Home We're Buying Has Illegal In-Law Cottage—What Are the Risks?

Dealing with insurance, tax, and other issues that could come of trying to use or rent out an illegally constructed unit.

By , J.D.


My wife and I are considering making an offer on a house with an illegal in-law unit, a little cottage (or maybe more like a shed) in the back yard. The extra space would be perfect for housing our frequent out-of-town visitors, and maybe even offering up as a short-term rental on one of these "sharing" sites.

I am a little concerned, however, that it's listed in the seller's materials as "illegal." What does this mean? Should we go forward with our offer?


You are right to be hesitant about buying this property. A unit listed as "illegal" or unlawful was likely constructed without the required construction permits. Attempting to use such a property in the way you wish could lead to headaches.

The good news is that you were informed of the issue prior to purchasing the property. This gives you the chance to carefully consider your options.

Here are some of the issues that commonly arise with illegal construction:

  • Inferior and/or unsafe construction. A permit is required to ensure safe and quality construction. Without a permit, there's no guarantee that the in-law unit was constructed well.
  • Expense and hassle of bringing property up to code. If the city (or governing municipality) finds out about the illegal unit, it will require you, as the new owner, to bring it up to current code and obtain the required permits. The city does not care that you weren't responsible for the original construction. Obtaining a permit after construction has been completed can be a lengthy and costly process, and may require tearing up some existing walls and so forth. See Discovering Unpermitted Construction When Selling Your Home for more information.
  • Financing challenges. Your financial institution may not be willing to extend financing on a house that includes unpermitted construction.
  • Insurance limits. If there is a fire or other incident in the in-law unit for which you may pursue an insurance claim, your insurance company may deny coverage.
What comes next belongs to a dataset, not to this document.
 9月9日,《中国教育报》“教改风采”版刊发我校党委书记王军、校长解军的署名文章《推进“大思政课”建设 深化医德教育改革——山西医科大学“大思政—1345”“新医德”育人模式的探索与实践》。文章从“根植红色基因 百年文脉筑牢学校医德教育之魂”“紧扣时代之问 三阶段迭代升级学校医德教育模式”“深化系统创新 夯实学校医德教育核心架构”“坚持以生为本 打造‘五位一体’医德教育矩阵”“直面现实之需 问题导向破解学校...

You likely will not have trouble initially obtaining the policy, but beware of the small print that excludes coverage for construction not built to code standards or built with inferior construction. And if you decide to rent the space out, be sure to read Insurance Questions When Renting Out Your Home Short Term; your homeowner's coverage may not be as extensive as you'd expect if you're running a "business" in your home, leaving you potentially liable if a guest is injured.
  • Retroactive tax obligations. If your local taxing authority has not been assessing real estate tax on your in-law unit because it wasn't a recognized part of the property, you may become responsible for paying back taxes.
  • Obligation to disclose issues to future home buyers. When you eventually sell the property, you will be required, by law, to disclose the unpermitted construction (assuming you haven't since brought it up to code) to any potential buyers. This will make it harder for you to sell the property for the price it would otherwise be worth.

If you decide that purchasing a house with unpermitted construction is not worth the risk, you can walk away, assuming you're not too deep into the closing process by now.
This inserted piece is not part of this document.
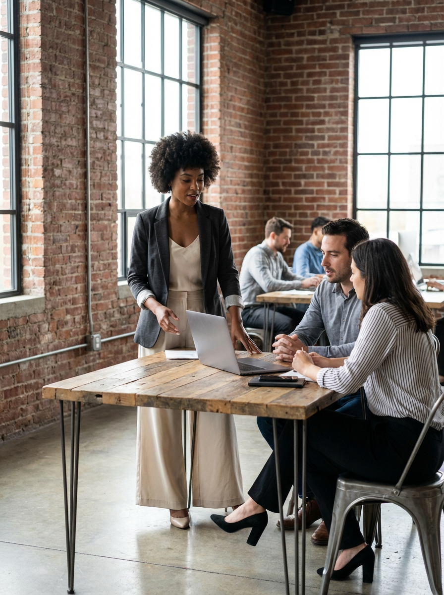 resilient model in comfortable yet polished professional attire industrial loft office, working with team members

Another option is to negotiate to have the seller obtain required permits prior to sale. This may be a good solution if you are willing to be flexible with the closing date (the permitting process can be lengthy and unpredictable).

If you do choose to go forward with the purchase, consider the terms of your offer carefully. The property may well be worth less than its list price. For example, the market value of a two-bedroom house with an illegal in-law unit is actually closer to that of a two-bedroom house without the extra unit.